Command's Board of Directors has unanimously approved the revised offer, resolved to recommend that shareholders accept the revised offer and waived the application of the Command Rights Plan to the revised offer. Command has agreed to take all reasonable action to support the revised offer, has agreed not to solicit further bids and has agreed to pay a break fee to Yukon in certain circumstances.
Command's officers and directors owning or controlling an aggregate of 2,469,125 shares have entered into lockup agreements to tender these shares under the revised offer.

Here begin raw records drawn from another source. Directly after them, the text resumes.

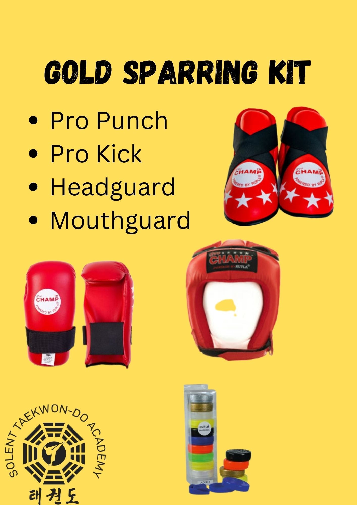 Hi all, this is the GOLD sparring kit to get you going. This pack offers a high level of protection. You get a headguard, sparring glove, foot pads and a gum shield.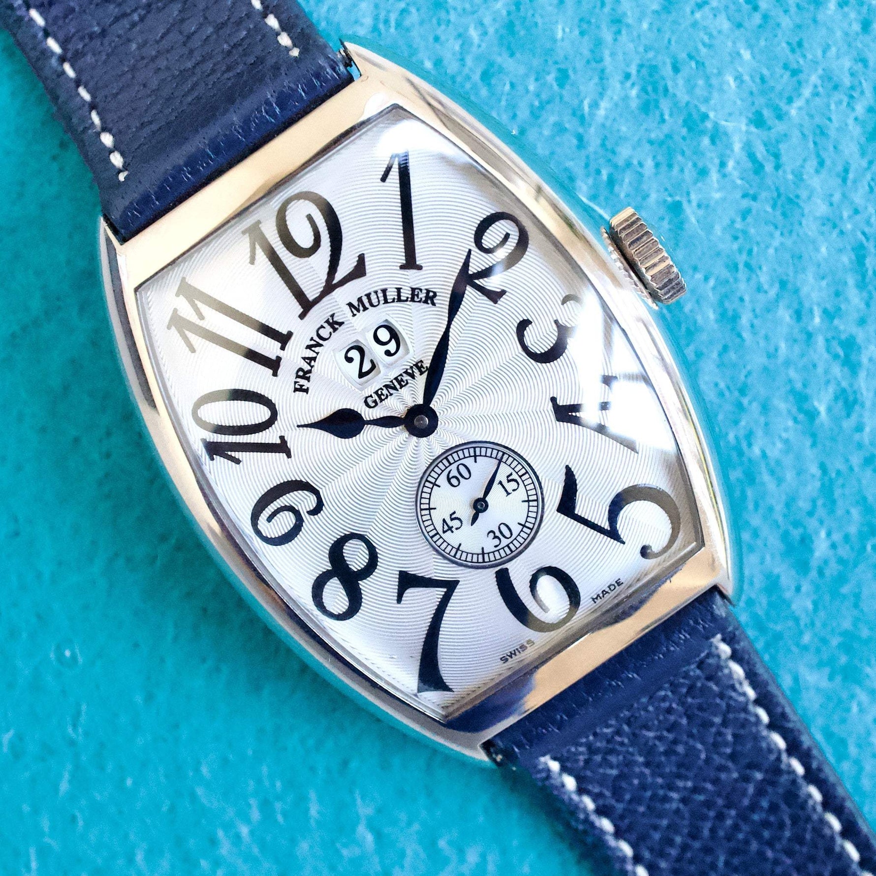 BRACELET: Aftermarket strap. Factory 18k Franck Muller buckle.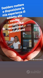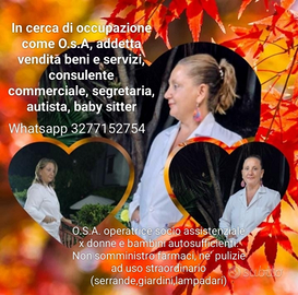 Sono una donna di 56 anni, dinamica, empatica, abituata a lavorare da quando ne avevo 18. Ho acquisito esperienze diverse, come segreteria,amministrazione, responsabile vendita,autista,dama di compagnia e call center. Amo lavorare tra la gente e creare un rapporto armonico. Non mi piacciono i pettegolezzi e le discussioni futili. Sono automunita, abito a Villagrazia di Carini ma mi sposto tranquillamente. Disponibile a lavorare a turni

In addition, Yukon has entered into revised lockup agreements with persons who had previously agreed to tender their Command shares to Yukon that reflect the revised offer and the commitment of an additional 859,700 Command shares to the revised offer. The 3,380,100 Command shares owned by Yukon (including 441,500 shares purchased in the market since September 26, 2001), combined with the 9,546,625 Command shares and options to purchase an additional 1,325,000 Command shares represented by lockup agreements, constitute 44.5% of the outstanding Command shares on a fully diluted basis.
Gene Isenberg, Chairman and Chief Executive Officer of Nabors commented, "I am pleased that the Command Board has recommended our offer. Command has a high quality fleet of 16 relatively new rigs. Most importantly, Command has a very capable and dedicated workforce, which has helped build a reputation for quality and efficiency among their customers. Our combined operations will enable us to better serve our customers' growing gas-directed drilling requirements."
Robert Bruce, Chairman and Chief Executive Officer of Command added, "We feel we have maximized shareholder value with the thorough process which culminated in our recommending this offer today."